The cSEPP shall use HTTP POST to send the HTTP message to the first Roaming Intermediary.

Step 4.

The first Roaming Intermediary (e.g. visited network's IPX provider) shall create a new modifiedDataToIntegrityProtect JSON object with three elements:

RFC 6902

"tag"

The Roaming Intermediary shall execute JWS on the modifiedDataToIntegrityProtect JSON object and append the resulting JWS object to the message.

Step 5.

The first Roaming Intermediary shall send the modified HTTP message request to the second Roaming Intermediary (e.g. home network's IPX) as in step 3.

Step 6.

The second Roaming Intermediary shall perform further modifications as in step 4 if required. The second Roaming Intermediary shall further execute JWS on the modifiedDataToIntegrityProtect JSON object and shall append the resulting JWS object to the message.

Step 7.

The second Roaming Intermediary shall send the modified HTTP message to the pSEPP as in step 3.

Step 8.

The pSEPP receives the message and shall perform the following actions:

The pSEPP extracts the serialized values from the components of the JWE object.
The pSEPP invokes the JWE AEAD algorithm to check the integrity of the message and decrypt the dataToIntegrityProtectAndCipher block. This results in entries in the encrypted block becoming visible in cleartext.
The pSEPP updates the clearTextEncapsulationMessage block in the message by replacing the references to the dataToIntegrityProtectAndCipher block with the referenced decrypted values from the dataToIntegrityProtectAndCipher block.
The pSEPP then verifies Roaming Intermediary updates of the attributes in the modificationsArray. It checks whether the modifications performed by the Roaming Intermediaries were permitted by policy.
The pSEPP further verifies that the PLMN-ID contained in the message is equal to the "Remote PLMN-ID" in the related N32-f context.
The pSEPP updates the modified values of the attributes in the clearTextEncapsulationMessage in order.

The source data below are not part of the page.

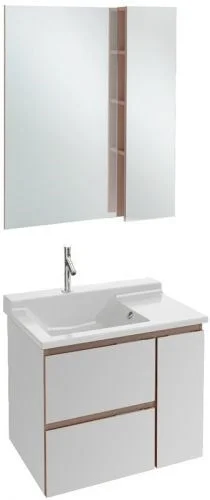 Soprano 80см, комплект мебели для ванной, подвесной, белый глянец, 2 ящика, 1 дверца, зеркало со шкафчиком Jacob Delafon, Франция
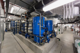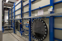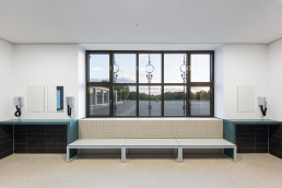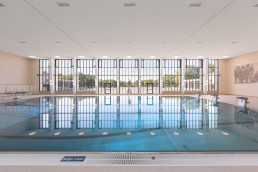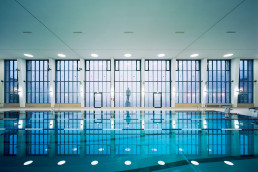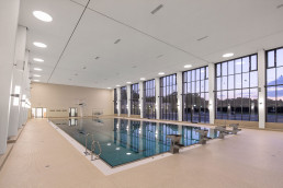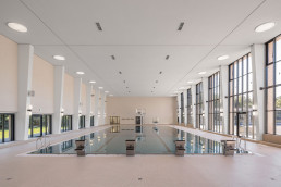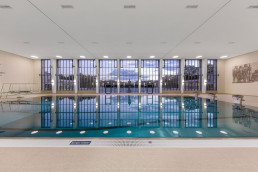 Das in den 1930er Jahren erbaute Hallenschwimmbad befindet sich auf dem Gelände der Julius-Leber-Kaserne in Berlin. Als Teil des denkmalgeschützten Ensembles, erfolgte die Energetische Sanierung in enger Abstimmung mit dem Landesdenkmalamt in drei Bauabschnitten. Die Schwerpunkte der Modernisierungen lagen auf dem dringenden konstruktiven und energetischen Sanierungsbedarf, sowie auf dem Austausch der veralteten Anlagentechnik. Die Sanierung des Innenbereichs erfolgte weitgehend freigestellt von denkmalrechtlichen Auflagen, da der Bestand in der Vergangenheit stark verändert worden und schützenswerte originale Bausubstanz nicht mehr vorzufinden war.
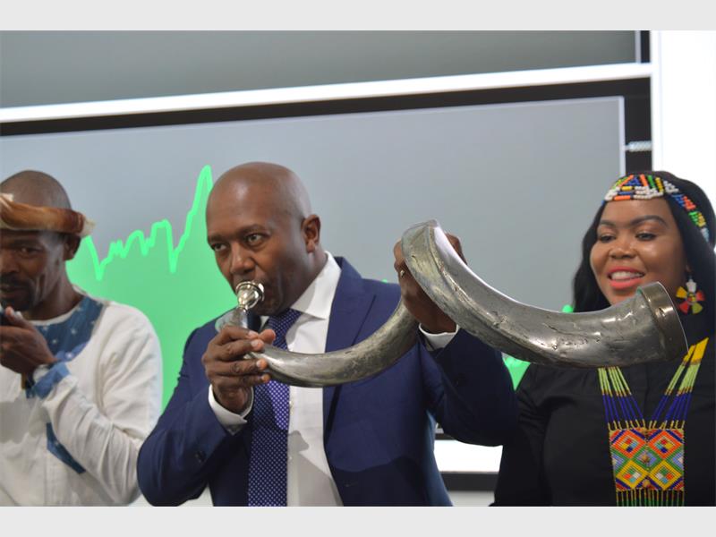 Tourism South Africa CEO Sisa Ntshona blows the horn to signify the opening of the market at the Johannesburg Stock Exchange.
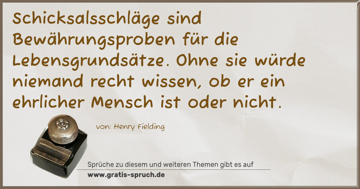 Schicksalsschläge sind Bewährungsproben für die Lebensgrundsätze. Ohne sie würde niemand recht wissen, ob er ein ehrlicher Mensch ist oder nicht.
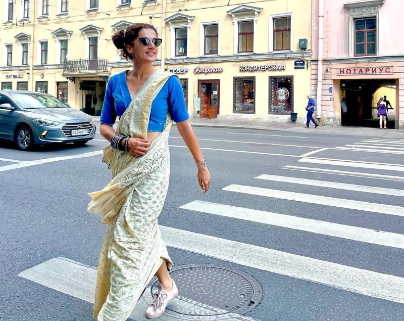 In a recent picture which she posted online, Pannu, who is now in Russia, is seen crossing the lanes of Saint Petersburg in a saree, a blue blouse, a pair of sneakers and dark glasses.
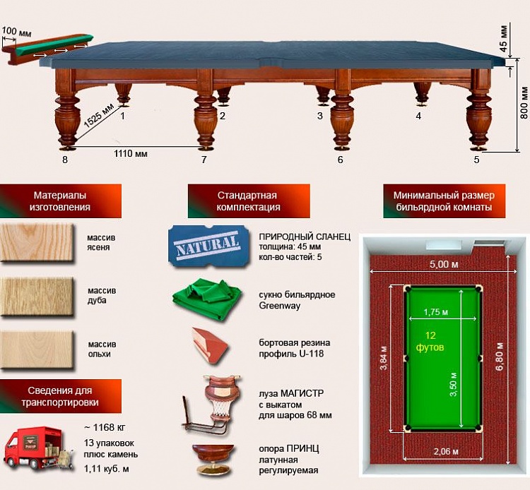 Бильярдный стол для русской пирамиды "Магнат-Люкс" (12 футов, ясень, 45мм камень)

The pSEPP shall re-assemble the full HTTP Request from the contents of the clearTextEncapsulationMessage.

Step 9.

The pSEPP shall send the HTTP request resulting from step 8 to the home network's NF.

Step 10.-18.

These steps are analogous to steps 1.-9.

13.2.4.9 JOSE profile p. 192

SEPPs shall follow the JWE profile defined in TS 33.210 with the restriction that it shall only use AES GCM with a 128-bit or 256-bit key. The security considerations for the use of AES GCM in Section 8.4 of RFC 7518 shall be taken into account. In particular, the same key shall not be used more than 2³² times and an IV value shall not be used more than once with the same key.

SEPPs and Roaming Intermediaries shall follow the JWS profile as defined in TS 33.210 with the restriction that they shall only use ES256 algorithm.